Saved entries:
BEGIN
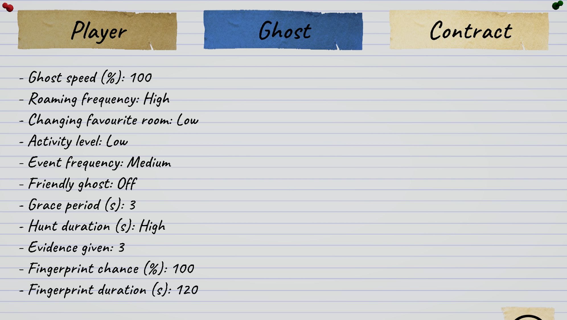 The ghost has a high frequency of wandering around, which means you are rather unlikely to encounter it directly in its haunted room, making the process of finding evidence somewhat more complicated.
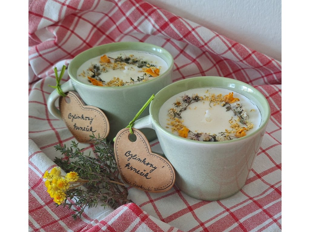 Ozdobou jsou sušené bylinky - krásně žluté květy divizny, květy sedmikrásek, komonice, černého bezu a tymián. Svíčka bude pěknou dekorací i bez zapálení.
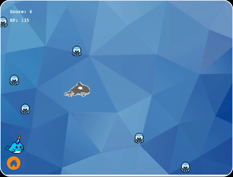Created timed features, animations, and drag-and-drop items with collisions. Narwhals can collect coins from squid collisions in the mini-game
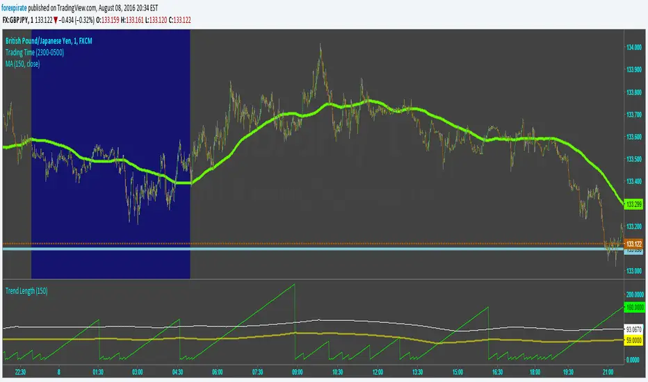 Script tries to capture the length of trends. It calculates an SMA and then determines the slope of the SMA using a simple momentum function. From there it counts bars from when the slope changed directions last. The lime green line is the count from when the slope changed. The yellow line is the average time of a trend. The white line is "trying" to capture the length of a full healthy pip running trend. Pick and SMA you like and then run through many currencies. I find that trends tend to be the same length. Not surprising as the markets are extremely correlated to each other. The trick is to find the most active pair for action. To do that look up my Pairs Range script.
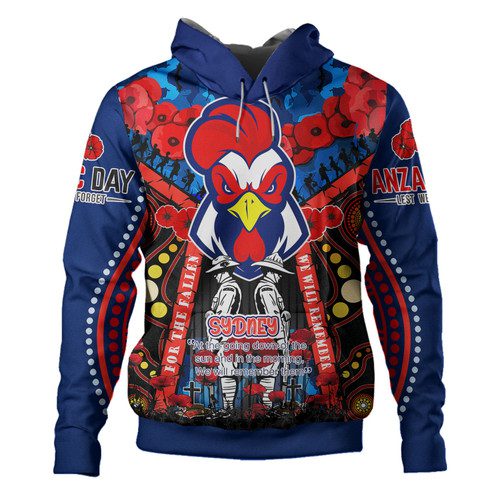 Sydney Roosters Anzac Watercolour Custom Hoodie – Remembrance Sydney Anzac Day With Poppy Flower
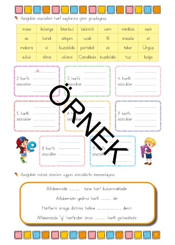 Aşağıdaki sözcükleri harf sayılarına göre gruplayınız.
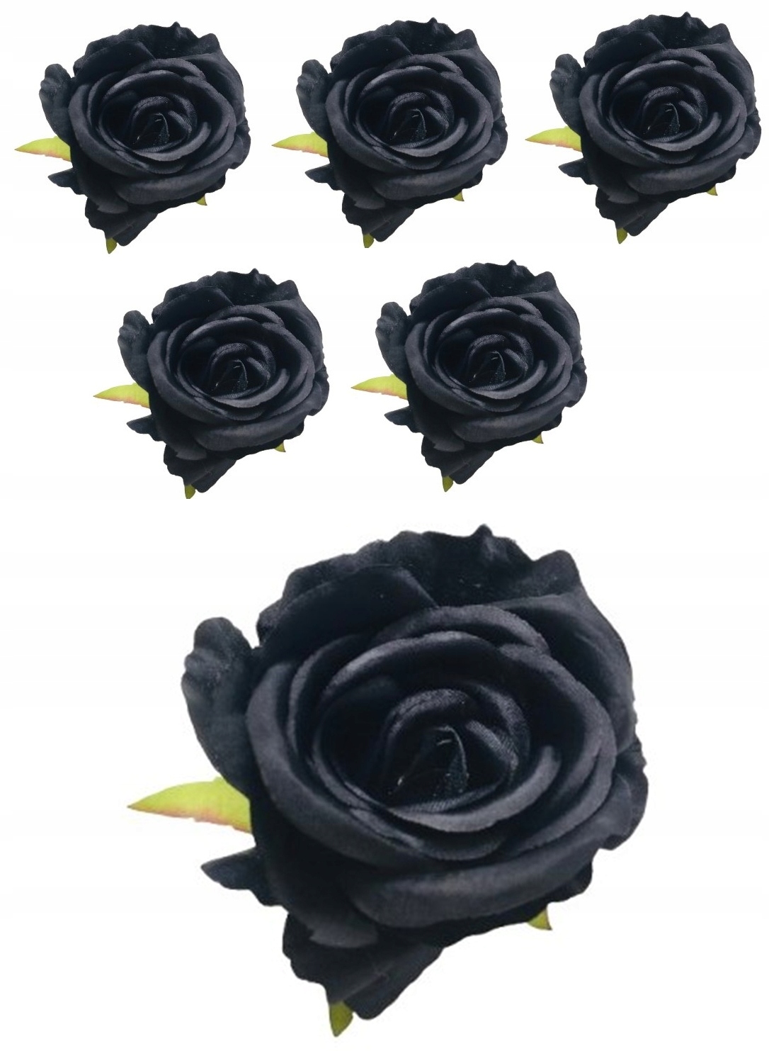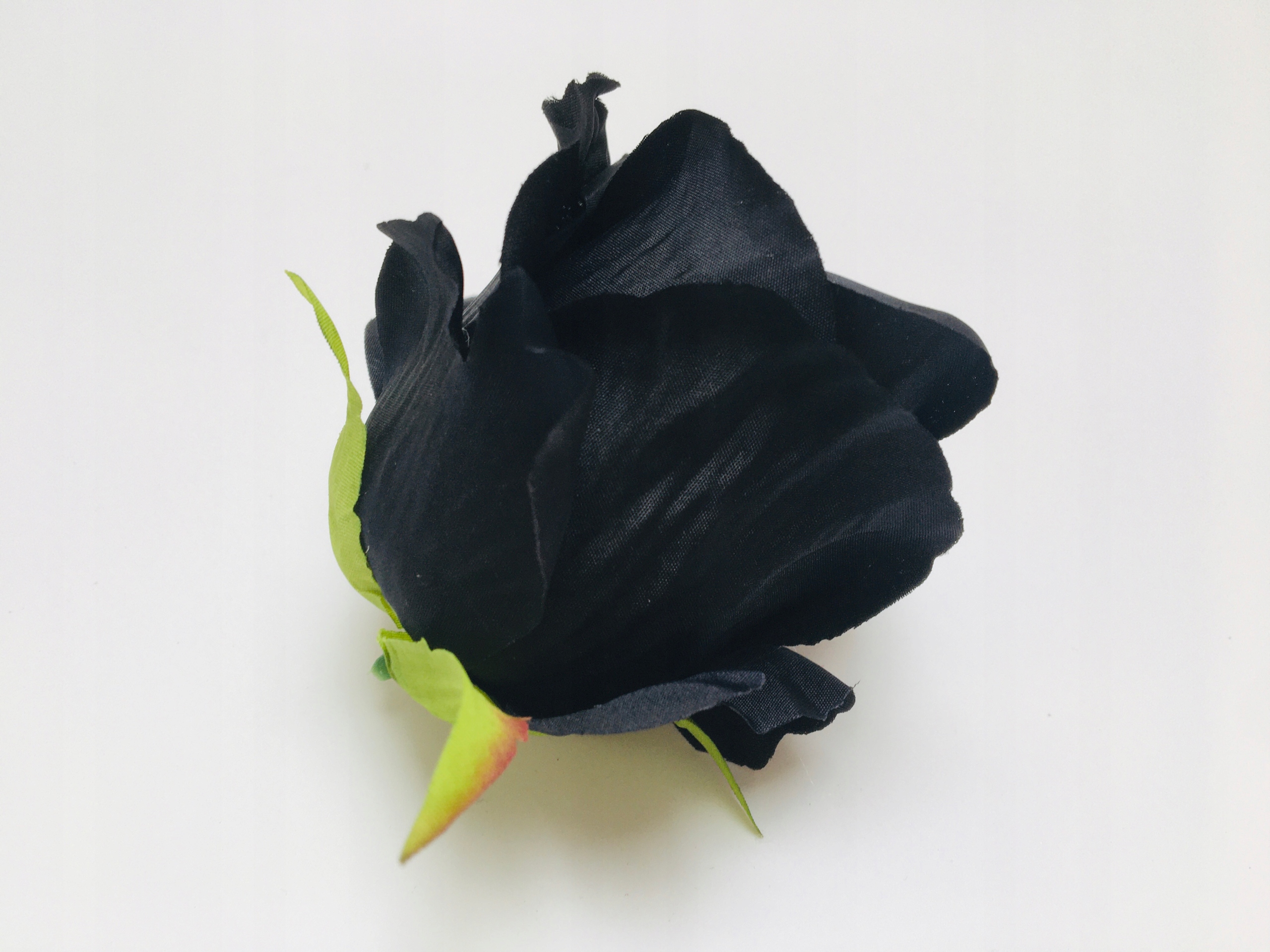 Róża sztuczna wyrobowa do wiązanek główka pąk kwiaty duża CZARNA 6szt
END
> [PROMPT]:
Each line above should be set down exactly as written, with pictures excluded.

> [WRITTEN REPLY]:
 The ghost has a high frequency of wandering around, which means you are rather unlikely to encounter it directly in its haunted room, making the process of finding evidence somewhat more complicated.
 Ozdobou jsou sušené bylinky - krásně žluté květy divizny, květy sedmikrásek, komonice, černého bezu a tymián. Svíčka bude pěknou dekorací i bez zapálení.
Created timed features, animations, and drag-and-drop items with collisions. Narwhals can collect coins from squid collisions in the mini-game
 Script tries to capture the length of trends. It calculates an SMA and then determines the slope of the SMA using a simple momentum function. From there it counts bars from when the slope changed directions last. The lime green line is the count from when the slope changed. The yellow line is the average time of a trend. The white line is "trying" to capture the length of a full healthy pip running trend. Pick and SMA you like and then run through many currencies. I find that trends tend to be the same length. Not surprising as the markets are extremely correlated to each other. The trick is to find the most active pair for action. To do that look up my Pairs Range script.
 Sydney Roosters Anzac Watercolour Custom Hoodie – Remembrance Sydney Anzac Day With Poppy Flower
 Aşağıdaki sözcükleri harf sayılarına göre gruplayınız.
 Róża sztuczna wyrobowa do wiązanek główka pąk kwiaty duża CZARNA 6szt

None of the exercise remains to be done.